Setelah terjadinya perkelahian antara ustadz Kholik dengan melawan Rojak.
"oh jadi kalian tidak berniat jahat ya sudah kalau begitu kalian terus saja tinggal di situ atau kalian masih menunggu perintah dari ustaz Kholik yang akan mengantarmu ke suatu tempat mungkin juga Dewi kuning yang akan membawamu ke suatu tempat yang sudah dia janjikan, tenang saja kalian tidak akan terganggu di sini dan tidak akan kami manfaatkan untuk perbuatan jahat seperti dulu-dulu "
Makhluk-makhluk yang kini masuk ke dalam batu itu bersorak-sorai mereka merasa senang mendapatkan orang sebijak Jaka Lana padahal biasanya kalau orang sedang mendapatkan masalah seperti itu, maka dia akan memanfaatkan kaum dan bangsanya untuk bisa membantu kejahatan yang biasa mereka lakukan.
Beruntunglah mereka bertemu dengan Jaka lana ,sehingga mereka punya tempat untuk singgah beristirahat di tempat ini.
"Kalian bisa tinggal di tempat itu beberapa saat saya ngerti kamu tidak akan bisa tahan kalau tidak punya tempat yang layak untuk tempat kalian tinggal ,kami pun memahami dunia kalian . Cuma bedanya kalian dengan kami adalah, kalian tidak bisa terlihat oleh manusia . Sedangkan kalian semua bisa melihat kami . Ya sudah Kalian tenang-tenang saja di sana.
Kami cuma terkejut saja melihat kalian tiba-tiba berada di tempat ini dan seperti akan menyerang kami. " Kata Jakalan Dalam bahasa mereka.
" kami tidak akan mengganggu kalian kekuatan kami sudah melemah dan tidak mungkin melakukannya kecuali waktu ada bergola ijo kami memang mempunyai kekuatan saat itu , Kami dimanfaatkan oleh Rojak untuk menyerang musuh-musuhnya.
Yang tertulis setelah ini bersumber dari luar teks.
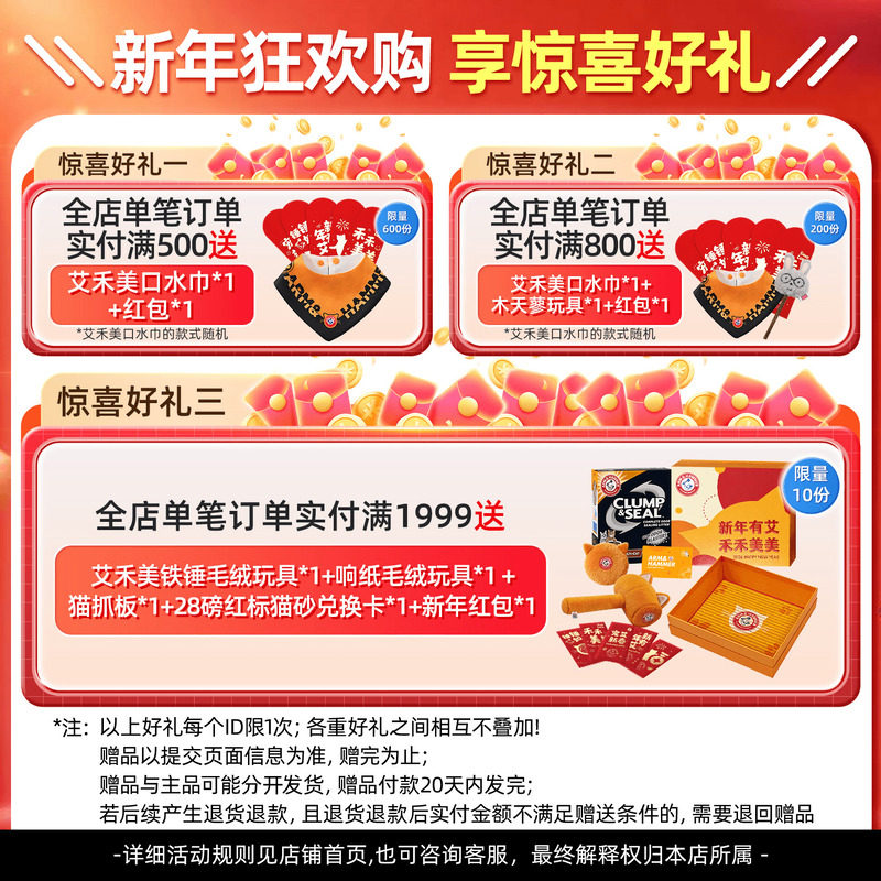 旗舰店|ArmHammer艾禾美猫砂膨润土矿石除臭尘控铁锤猫砂12.7kg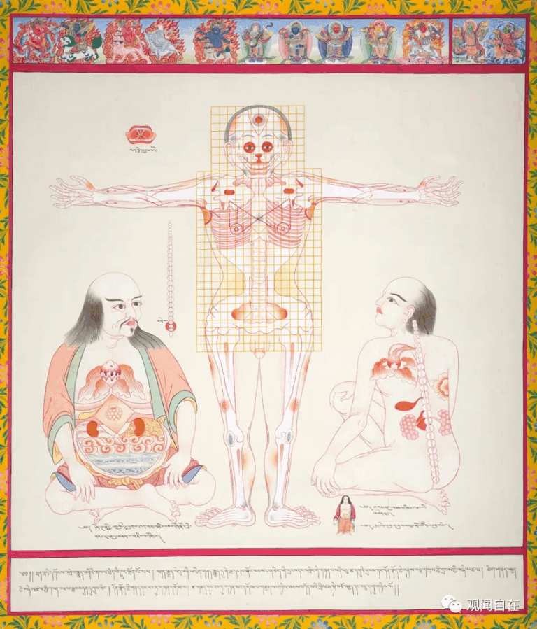 第十六图 人体的要害部位 (1) 本图系根据《四部医典蓝琉璃》中的《论述本集蓝琉璃》第四章有关内容绘制。 (2) 《论述本集蓝琉璃》第四章论述人体要害的道理时介绍 : 人体的要害有肉、脂、骨,白脉,黑脉,脏腑六类。肉受损伤则肿胀 ; 骨受损伤则剧痛 ; 白脉受损伤则感觉消失,运动失灵 ; 脂,黑脉,

kami juga mendapatkan bayaran untuk itu kami diistimewakan. Terima kasih kami akan beristirahat di batu ini kami akan menyatu kembali. "
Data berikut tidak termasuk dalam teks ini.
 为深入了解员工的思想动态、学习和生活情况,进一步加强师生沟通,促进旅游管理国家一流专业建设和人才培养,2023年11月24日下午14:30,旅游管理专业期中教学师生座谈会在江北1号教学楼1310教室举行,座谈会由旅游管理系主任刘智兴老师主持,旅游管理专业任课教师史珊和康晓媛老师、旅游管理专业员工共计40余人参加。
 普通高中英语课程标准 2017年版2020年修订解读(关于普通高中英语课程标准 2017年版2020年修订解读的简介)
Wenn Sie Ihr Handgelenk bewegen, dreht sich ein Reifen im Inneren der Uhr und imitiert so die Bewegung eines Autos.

Mereka pun menynyatu kembali membentuk batuan seperti sedia kala,gerakanya Begitu cepat. seolah batu hitam itu sebuah magnet raksasa.Benda benda kecil itu beterbangan seolah masuk menyatu kedalam baru. Batu itu nampak seram. bagi mereka yang mengerti akan dunia spiritual batu itu seperti bergerak-gerak satu sama lain seperti ada mahluk kecil yang saling berdesakan , sama seperti bulatan lebah yang sedang bersarang.yang menempel di batu itu. Mata orang biasa tidak akan pernah kelihatan..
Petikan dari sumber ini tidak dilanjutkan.